--- Stored data entries ---

____________________

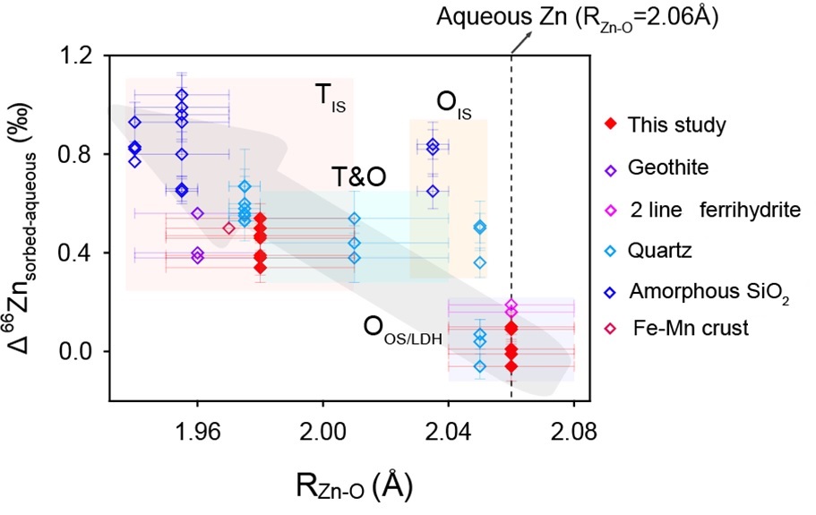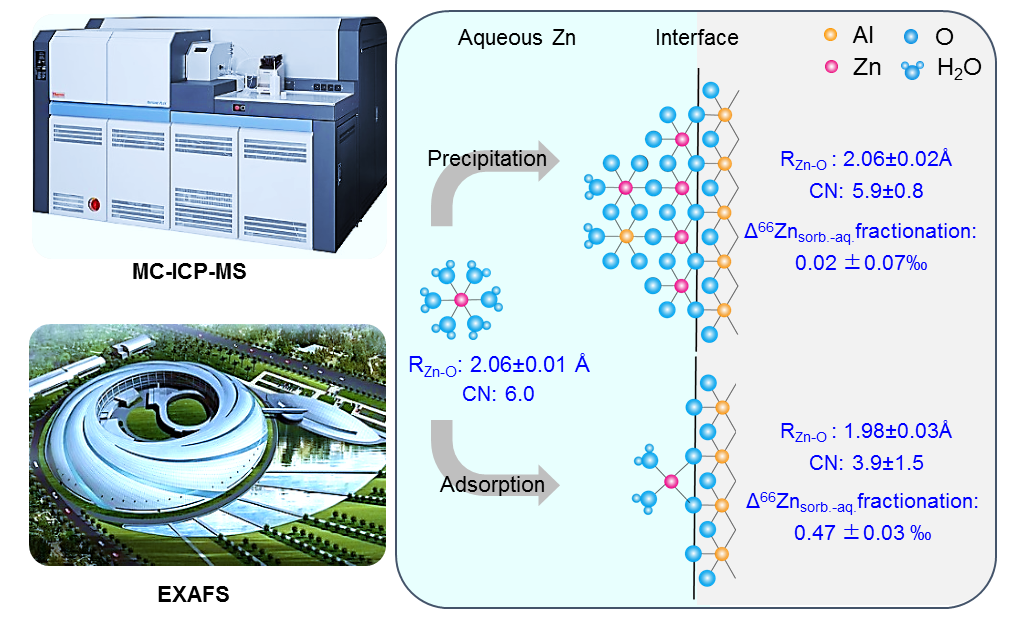 鉴于此,永利304官网唯一李伟教授和李伟强教授合作,结合各自在同步辐射技术与同位素地球化学上的专长,开展了Zn同位素在氧化铝-溶液界面吸附过程中的同位素分馏机制研究。研究团队在永利304官网唯一建立了高精度Zn同位素分析方法(长期外部误差为0.04‰),分析能力达到了国际一流水平。研究结果表明,不同吸附密度条件下,Zn同位素的吸附分馏程度差异较大。低吸附密度(Г≤0.75μmol/m2)条件下,重的Zn同位素优先被氧化铝表面吸附,Δ66Znsorbed-aqueous=0.47±0.03‰;高吸附密度(Г≥1.59μmol/m2)条件下,吸附相和残余溶液相几乎不发生Zn同位素的分馏(Δ66Znsorbed-aqueous=0.02±0.07‰)。为了从分子水平揭示上述Zn同位素吸附分馏差异的机制,研究团队依托国家大科学装置开展了基于同步辐射的扩展X射线吸收精细结构光谱技术(EXAFS)研究,从分子水平解析了Zn在不同地球化学条件下的吸附结构(配位构型与化学键长)。EXAFS是一种原子团
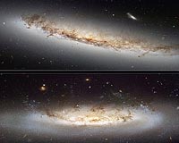 Hubble Highlights Two Galaxies That Are Losing ItParis, France (ESA) Oct 01, 2009 Newly released images, taken by the Hubble Space Telescope before the recent Servicing Mission, highlight the ongoing drama in two galaxies in the Virgo Cluster affected by a process known as 'ram pressure stripping', which can result in peculiar-looking galaxies. An extremely hot X-ray-emitting gas known as the intra-cluster medium lurks between galaxies within clusters. As galaxies move ... read more |
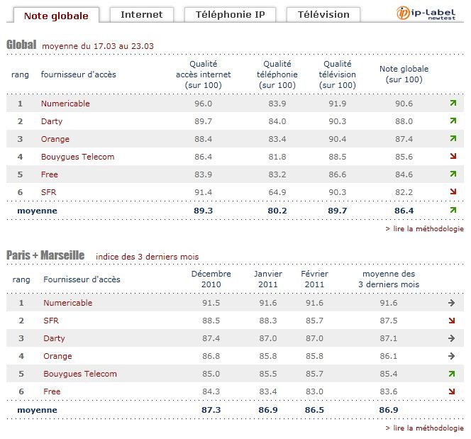 Chaque semaine, IP-Label Newtest mesure pour 01net. les performances des fournisseurs d’accès à Internet à Paris et à Marseille. Trois éléments sont pris en compte : Internet, la téléphonie et la télévision. Une note globale permet d’établir un classement général reflétant la capacité des FAI à optimiser leurs services sur les lignes téléphoniques testées.
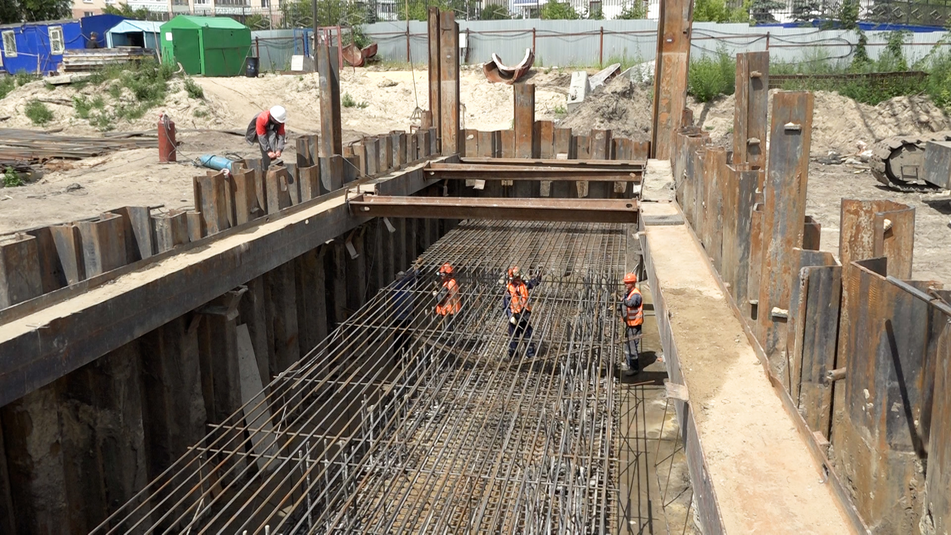 - Выполнена разработка грунта, срубка оголовков свай и заливка тампонажного слоя. Сейчас в котловане на шестиметровой глубине идёт сборка металлического арматурного каркаса для последующего бетонирования монолитного ростверка. После этого сформируем тело опоры, ригели и подферменные площадки под металлические балки. Весь комплекс работ завершим к 10 июля, – рассказал Максим Шутов.
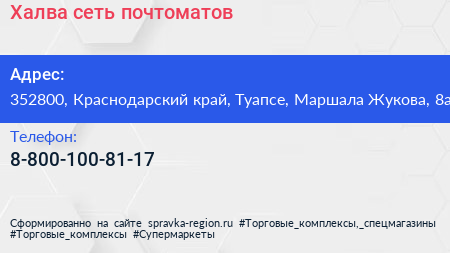 Халва, сеть почтоматов по адресу 352800, Краснодарский край, Туапсе, Маршала Жукова, 8а в дальнейшем Организация, размещена в следующих категориях:
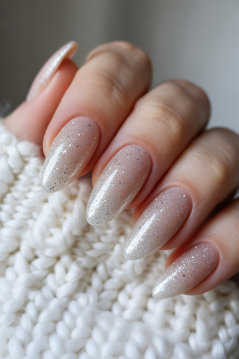 If your winter vibe is “glow, but make it effortless,” this sparkling gradient is your answer. A sheer nude base melts into champagne glitter at the tips, creating a soft snowfall effect that’s festive and classy without shouting. The almond silhouette keeps everything graceful, and the twinkle flatters rings and glasses alike—from latte cups to stemware.
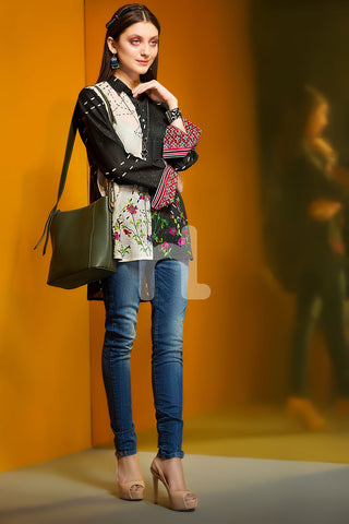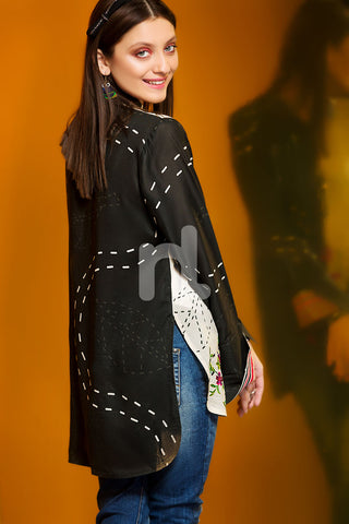 PS18-183 Black Digital Printed Stitched Micro Modal Fusion Top - 1PC
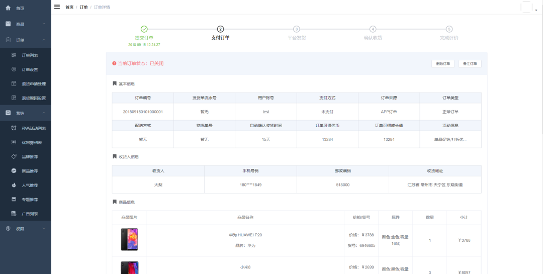 再次访问首页->订单->订单详情页面,现在这个页面的手机号码就不再是明文显示,而是加密之后的状态。
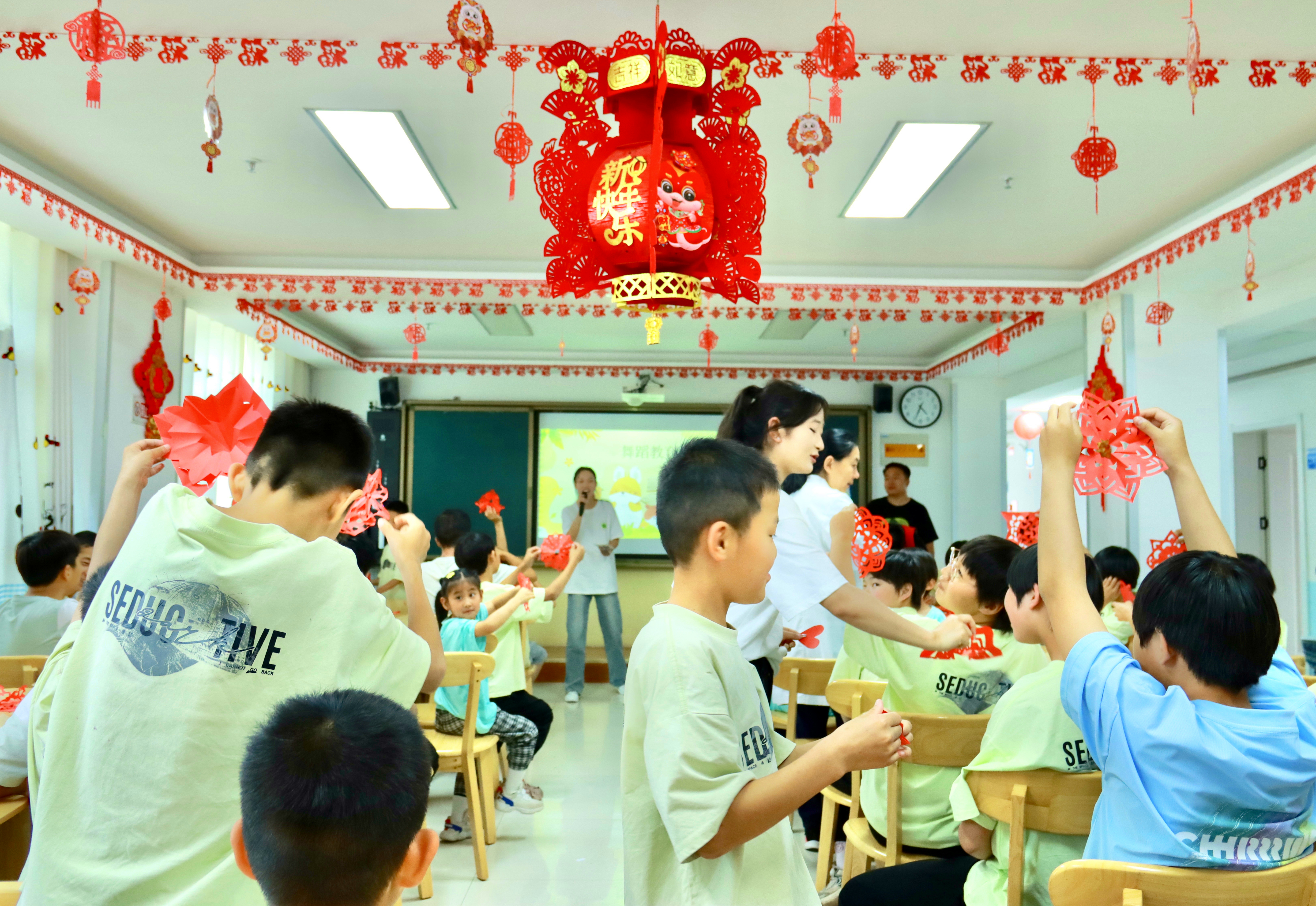 走進(jìn)福利院,志愿者與小朋友們暖心互動,剪紙課上,彩紙?jiān)谥讣夥w,剪出的圖案化作聲聲祝福,在培養(yǎng)孩子們的動手實(shí)踐能力的同時,更在美感體驗(yàn)中將非遺傳承的種子種在心里,開出燦爛的花。手拍鼓前,節(jié)奏與歡笑交織,隨著鼓點(diǎn)的律動,輕快的旋律敲出滿室溫馨。就連平日里略顯枯燥的科普小知識,也被志愿者們講成了一個個“溫暖故事”?;顒幼詈?,志愿者們拿出提前準(zhǔn)備好的小禮物分發(fā)給每個孩子,收到禮物的孩子們露出了燦爛的笑容,這份溫暖在彼此心間久久回蕩。
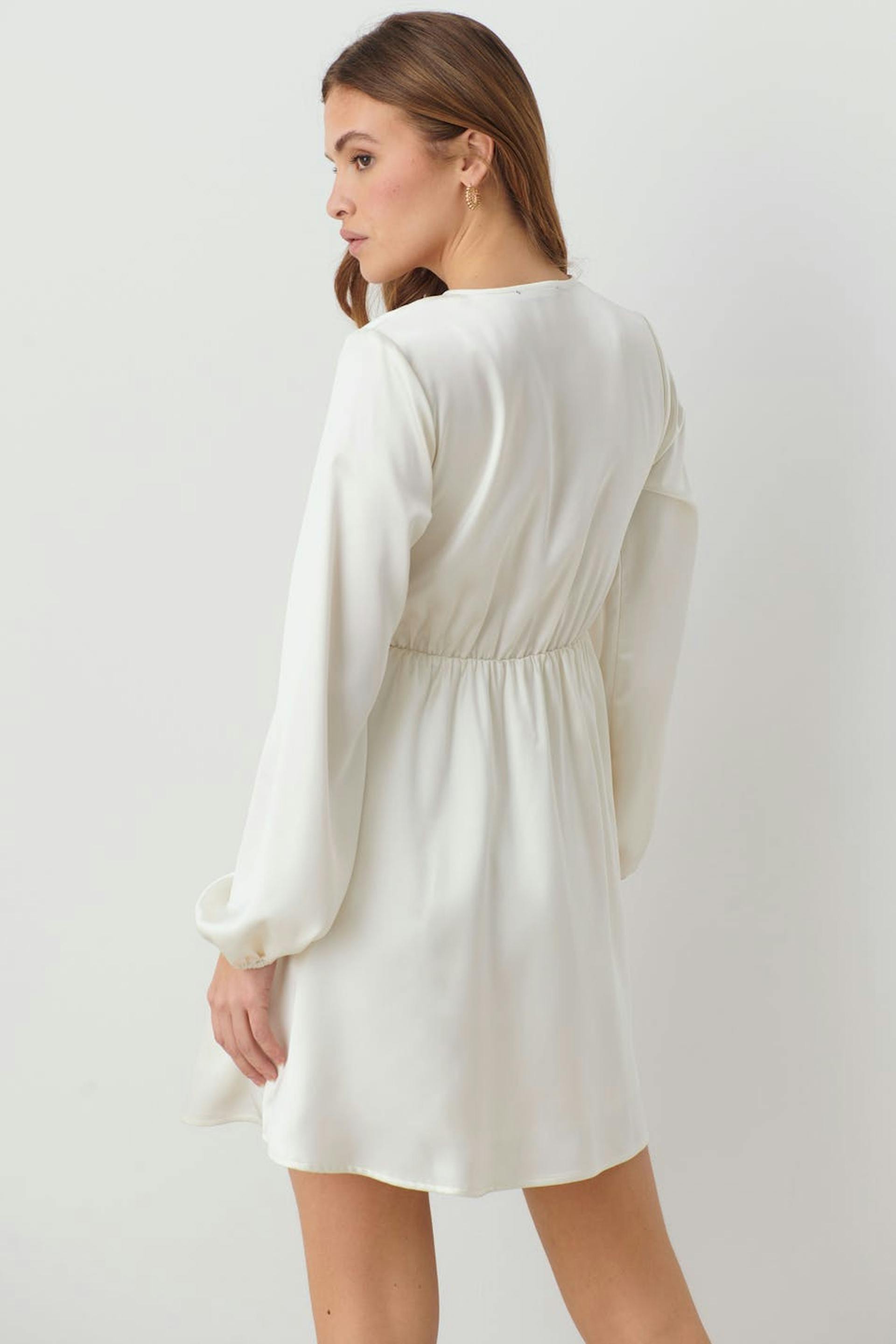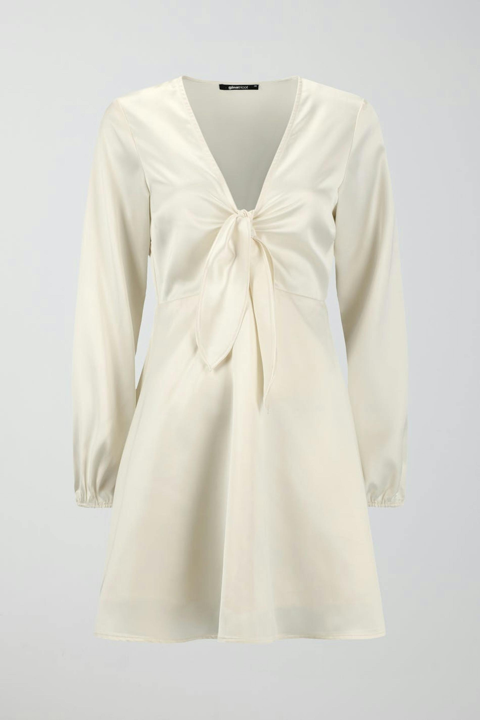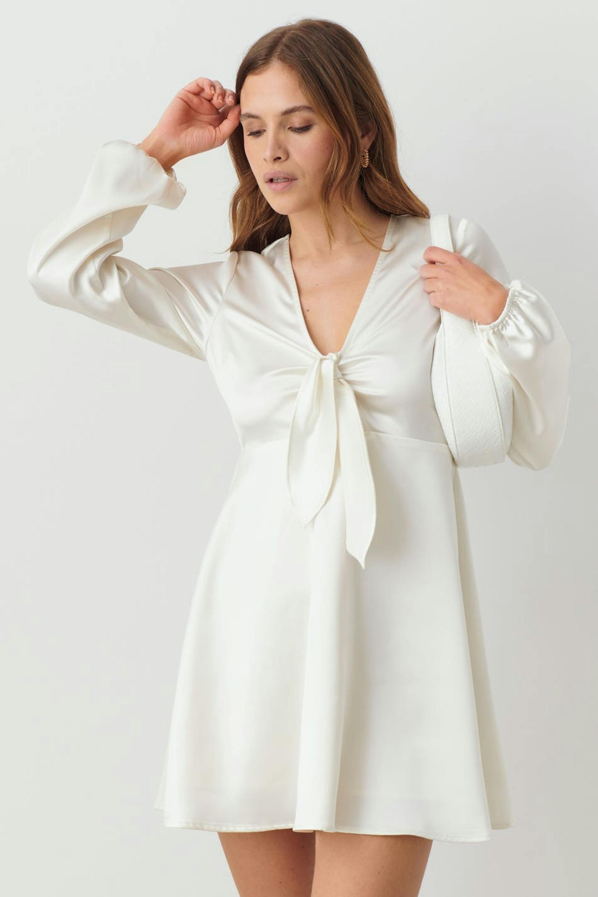 Mini jurk met lange mouwen van satijn met zelfbinder aan de voorzijde. De jurk is wit en heeft normale pasvorm. Het heeft v-hals, cut-out-detail aan de voorkant en elastische manchettes.

____________________

Transcribe exactly the span of lines from the line holding "Халва, сеть почтоматов" through the last line above, both included. Pictures stay out.

--- RESULT OF THIS EXERCISE ---
 Халва, сеть почтоматов по адресу 352800, Краснодарский край, Туапсе, Маршала Жукова, 8а в дальнейшем Организация, размещена в следующих категориях:
 If your winter vibe is “glow, but make it effortless,” this sparkling gradient is your answer. A sheer nude base melts into champagne glitter at the tips, creating a soft snowfall effect that’s festive and classy without shouting. The almond silhouette keeps everything graceful, and the twinkle flatters rings and glasses alike—from latte cups to stemware.
 PS18-183 Black Digital Printed Stitched Micro Modal Fusion Top - 1PC
 再次访问首页->订单->订单详情页面,现在这个页面的手机号码就不再是明文显示,而是加密之后的状态。
 走進(jìn)福利院,志愿者與小朋友們暖心互動,剪紙課上,彩紙?jiān)谥讣夥w,剪出的圖案化作聲聲祝福,在培養(yǎng)孩子們的動手實(shí)踐能力的同時,更在美感體驗(yàn)中將非遺傳承的種子種在心里,開出燦爛的花。手拍鼓前,節(jié)奏與歡笑交織,隨著鼓點(diǎn)的律動,輕快的旋律敲出滿室溫馨。就連平日里略顯枯燥的科普小知識,也被志愿者們講成了一個個“溫暖故事”?;顒幼詈?,志愿者們拿出提前準(zhǔn)備好的小禮物分發(fā)給每個孩子,收到禮物的孩子們露出了燦爛的笑容,這份溫暖在彼此心間久久回蕩。
 Mini jurk met lange mouwen van satijn met zelfbinder aan de voorzijde. De jurk is wit en heeft normale pasvorm. Het heeft v-hals, cut-out-detail aan de voorkant en elastische manchettes.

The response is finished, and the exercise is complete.